[Exercise materials — start]

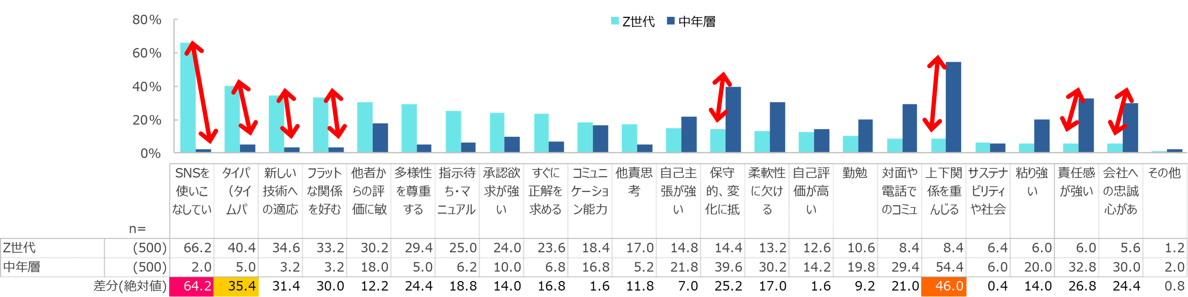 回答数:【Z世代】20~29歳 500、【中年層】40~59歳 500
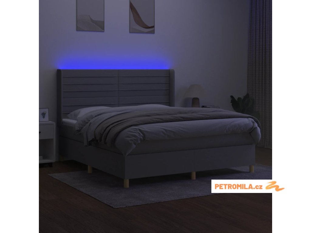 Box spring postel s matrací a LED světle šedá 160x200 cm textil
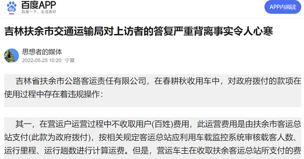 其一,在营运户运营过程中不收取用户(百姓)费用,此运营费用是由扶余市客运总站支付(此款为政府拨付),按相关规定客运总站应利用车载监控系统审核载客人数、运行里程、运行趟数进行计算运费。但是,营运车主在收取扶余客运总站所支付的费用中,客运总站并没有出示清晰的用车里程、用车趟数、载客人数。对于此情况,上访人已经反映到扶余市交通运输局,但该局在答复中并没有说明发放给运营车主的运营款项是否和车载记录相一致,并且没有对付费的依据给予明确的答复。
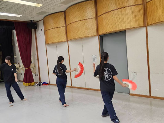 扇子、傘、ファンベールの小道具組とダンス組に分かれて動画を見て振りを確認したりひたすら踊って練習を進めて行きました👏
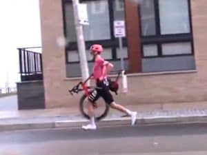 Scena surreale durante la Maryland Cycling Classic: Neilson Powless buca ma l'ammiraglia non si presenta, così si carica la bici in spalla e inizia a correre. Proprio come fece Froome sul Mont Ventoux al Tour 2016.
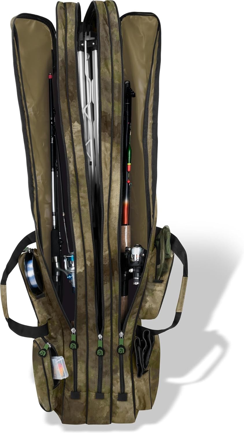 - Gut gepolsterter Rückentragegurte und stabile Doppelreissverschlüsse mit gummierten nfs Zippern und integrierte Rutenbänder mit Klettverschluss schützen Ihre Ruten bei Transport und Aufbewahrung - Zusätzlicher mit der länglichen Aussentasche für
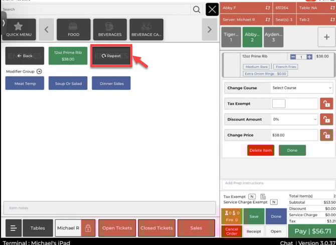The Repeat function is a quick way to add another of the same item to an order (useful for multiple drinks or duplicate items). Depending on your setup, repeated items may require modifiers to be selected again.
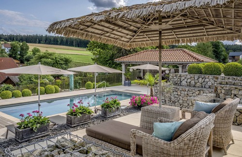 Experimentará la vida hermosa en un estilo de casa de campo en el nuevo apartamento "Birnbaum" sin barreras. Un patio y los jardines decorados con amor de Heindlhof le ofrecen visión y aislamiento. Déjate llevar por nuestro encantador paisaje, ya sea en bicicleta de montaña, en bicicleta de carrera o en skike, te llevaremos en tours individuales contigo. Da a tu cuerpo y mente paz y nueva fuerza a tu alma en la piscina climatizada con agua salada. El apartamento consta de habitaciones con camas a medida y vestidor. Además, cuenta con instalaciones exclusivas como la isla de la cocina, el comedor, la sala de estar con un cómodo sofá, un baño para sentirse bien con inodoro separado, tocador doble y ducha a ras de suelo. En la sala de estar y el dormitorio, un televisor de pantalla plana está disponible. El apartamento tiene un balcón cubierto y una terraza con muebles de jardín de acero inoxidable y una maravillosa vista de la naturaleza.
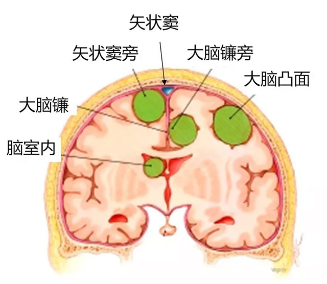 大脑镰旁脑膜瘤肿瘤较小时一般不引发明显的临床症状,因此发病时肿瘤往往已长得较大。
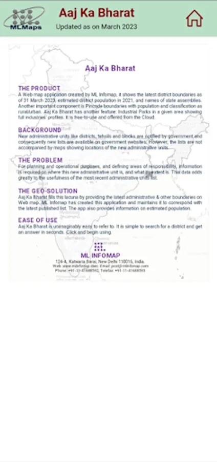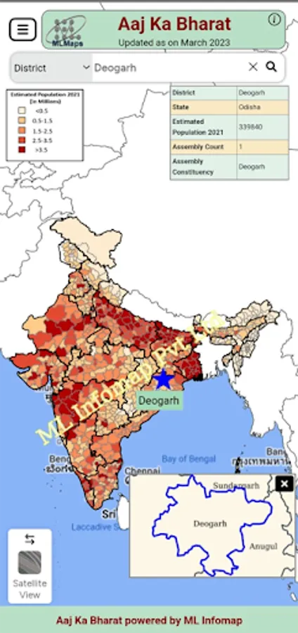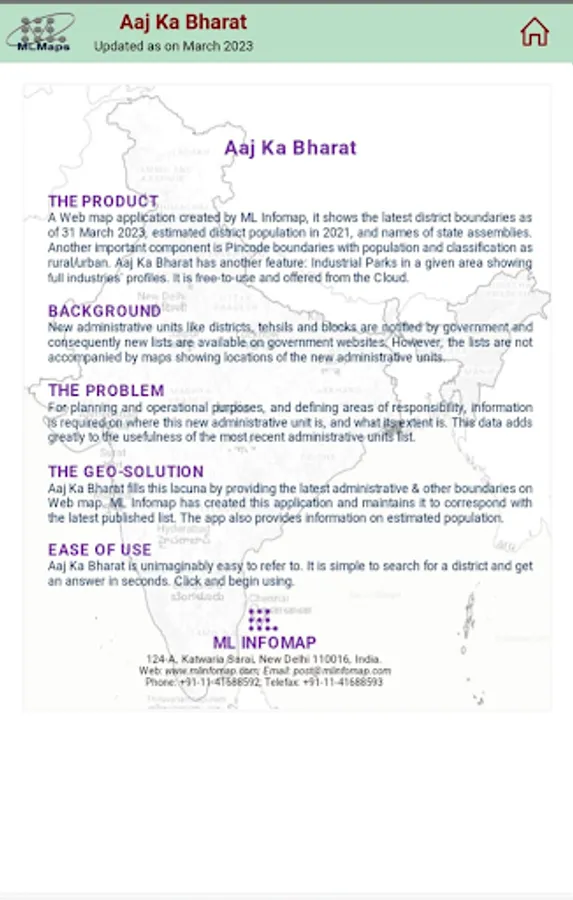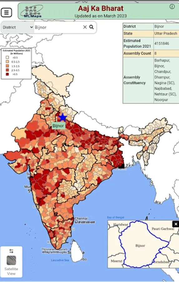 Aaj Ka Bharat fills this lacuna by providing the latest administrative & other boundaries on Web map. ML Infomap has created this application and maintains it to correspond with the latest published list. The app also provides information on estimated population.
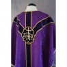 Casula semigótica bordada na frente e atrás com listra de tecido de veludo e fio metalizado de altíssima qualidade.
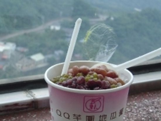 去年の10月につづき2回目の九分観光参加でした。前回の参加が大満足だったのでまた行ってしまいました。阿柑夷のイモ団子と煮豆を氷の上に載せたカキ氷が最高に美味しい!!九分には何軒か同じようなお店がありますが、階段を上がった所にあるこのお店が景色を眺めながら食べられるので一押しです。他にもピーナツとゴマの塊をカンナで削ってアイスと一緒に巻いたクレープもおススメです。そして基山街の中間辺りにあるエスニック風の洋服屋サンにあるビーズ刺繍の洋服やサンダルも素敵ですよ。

[Exercise materials — finish]

Task prompt =
Excluding the pictures, restate word for word the lines from the one that holds "大脑镰旁脑膜瘤肿瘤较小时一般" through the last line of the entries, both ends included.

Output for this exercise =
 大脑镰旁脑膜瘤肿瘤较小时一般不引发明显的临床症状,因此发病时肿瘤往往已长得较大。
 Aaj Ka Bharat fills this lacuna by providing the latest administrative & other boundaries on Web map. ML Infomap has created this application and maintains it to correspond with the latest published list. The app also provides information on estimated population.
 Casula semigótica bordada na frente e atrás com listra de tecido de veludo e fio metalizado de altíssima qualidade.
 去年の10月につづき2回目の九分観光参加でした。前回の参加が大満足だったのでまた行ってしまいました。阿柑夷のイモ団子と煮豆を氷の上に載せたカキ氷が最高に美味しい!!九分には何軒か同じようなお店がありますが、階段を上がった所にあるこのお店が景色を眺めながら食べられるので一押しです。他にもピーナツとゴマの塊をカンナで削ってアイスと一緒に巻いたクレープもおススメです。そして基山街の中間辺りにあるエスニック風の洋服屋サンにあるビーズ刺繍の洋服やサンダルも素敵ですよ。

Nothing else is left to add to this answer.